2. **LoRA fine-tune** MiniCPM-V 4.5 with **ms-SWIFT** on an A100-80GB — vision
   encoder frozen, LoRA (r=16) on the LLM self-attention only (the weak-Bengali part).
3. **Merge** the adapter into standalone weights and **serve via vLLM**.
4. **Evaluate** FT vs the stock model on held-out drawings (`finetune/eval_ft.py`):
   the fine-tune wins decisively — coherent native রূপকথা vs garbled, looping output
   — confirmed by a Bengali speaker.

Bengali story requests now route to the fine-tuned model
(`FINETUNED_VISION_MODEL` in `model_config.py`, one-line revert to `None`); English
and audio paths are unchanged. See `finetune/README.md` for the full pipeline.

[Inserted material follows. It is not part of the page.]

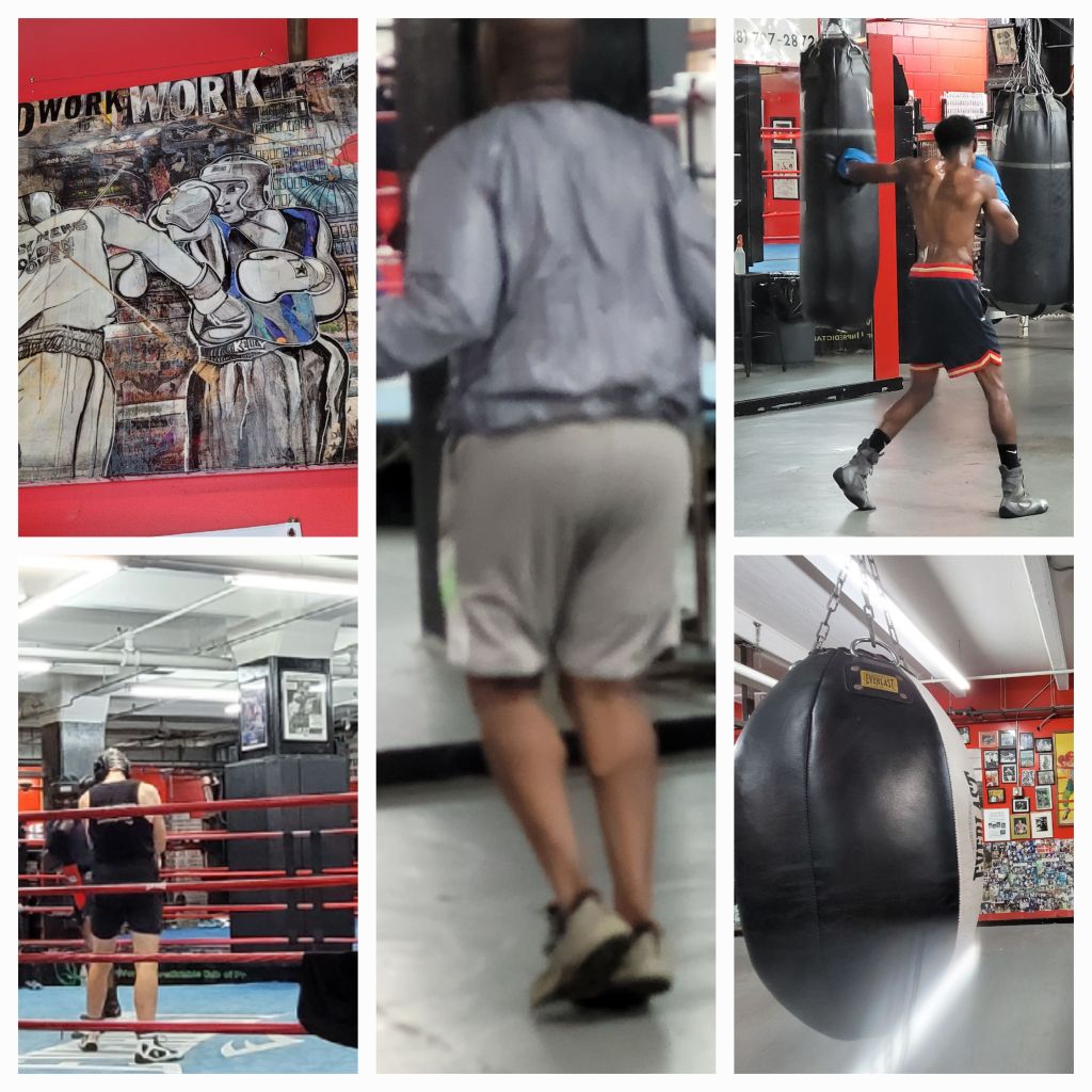 Nous rentrons dans une salle de boxe …3 rings et des entrainements…

📦 **The merged fine-tuned model is published on the Hub:**
[`debrajsingha/minicpm-v45-bengali-rupkotha`](https://huggingface.co/debrajsingha/minicpm-v45-bengali-rupkotha).

## Tracks & sponsor fit

Where this project lines up with the hackathon's tracks and sponsor themes:

| Track / sponsor | How it fits |
|---|---|
| Backyard AI track | A custom story generator — the track's own example use case |
| OpenBMB (MiniCPM) | Core models are MiniCPM-V 4.5 + VoxCPM2; MiniCPM-V was also fine-tuned for Bengali |
| Modal | All inference runs on Modal — base runtime + a vLLM-served fine-tuned model, plus the LoRA training |

## Environment & setup

This project uses **[uv](https://docs.astral.sh/uv/)** for all package and
environment management (Python 3.10–3.12; VoxCPM2 requires < 3.13).

```bash
uv venv --python 3.12      # create the environment
uv sync                    # install locked dependencies
uv run python app.py       # launch the Gradio app
```

Add dependencies with `uv add <pkg>` (never `pip`). Local dev uses `uv`
(`pyproject.toml` + `uv.lock`); `requirements.txt` is intentionally minimal
(`gradio` + `modal`) — it's only for the HF Space, which is a thin client that
calls Modal and holds no model weights.

## Project layout

- `app.py` — Gradio UI (thin client; orchestration + wiring only, zero model weights).
- `core/model_config.py` — single source of truth for the model stack + compute config.
- `core/modal_infra.py` — **all** Modal GPU functions (vision, STT, TTS, translate).
- `core/vision_story.py` · `core/stt.py` · `core/tts.py` · `core/prompts.py` — thin
  wrappers that build prompts and call the Modal functions.
- `finetune/` — the Bengali fine-tune pipeline (collect → label → train → merge →
  serve → eval). See `finetune/README.md`.
- `assets/styles.css` — the night-sky / storybook theme.